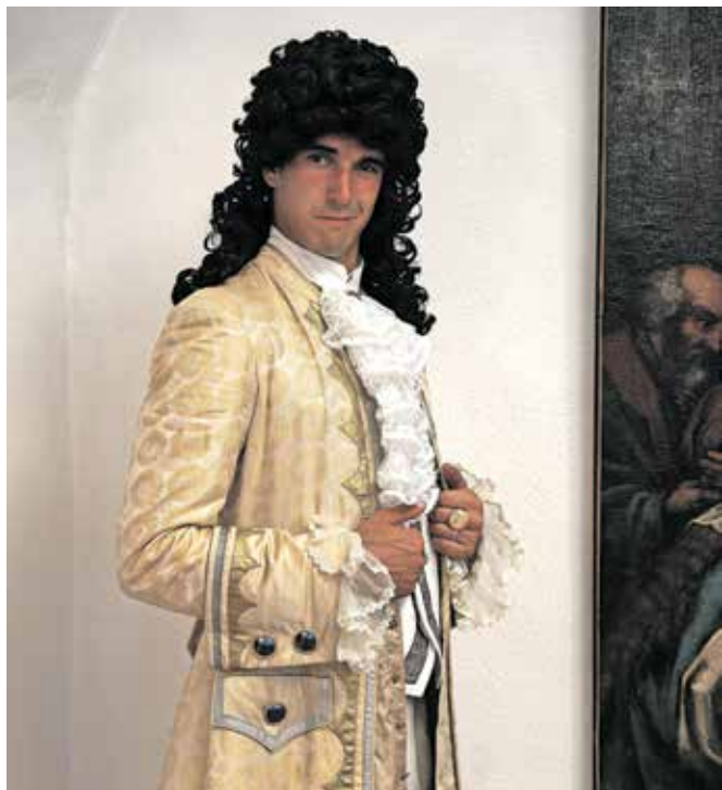
Snemanje promocijskega filma za novi muzej v sklopu projekta Z Valvasorjem po gorenjskih muzejih

Ime FeNOMEN združuje kemijski znak za železo in besedo nomen, kar v latinščini pomeni ime. Lahko bi rekli, da razstava že v imenu nosi železo ali drugače – »v imenu železa«.
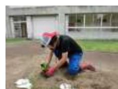
マリーゴールド植え

■ ■ ■ ■ ■ ■ ■

Work to complete → Your copy of the data should match it exactly, apart from the images, which are omitted.

Finished task →
Snemanje promocijskega filma za novi muzej v sklopu projekta Z Valvasorjem po gorenjskih muzejih

Ime FeNOMEN združuje kemijski znak za železo in besedo nomen, kar v latinščini pomeni ime. Lahko bi rekli, da razstava že v imenu nosi železo ali drugače – »v imenu železa«.
マリーゴールド植え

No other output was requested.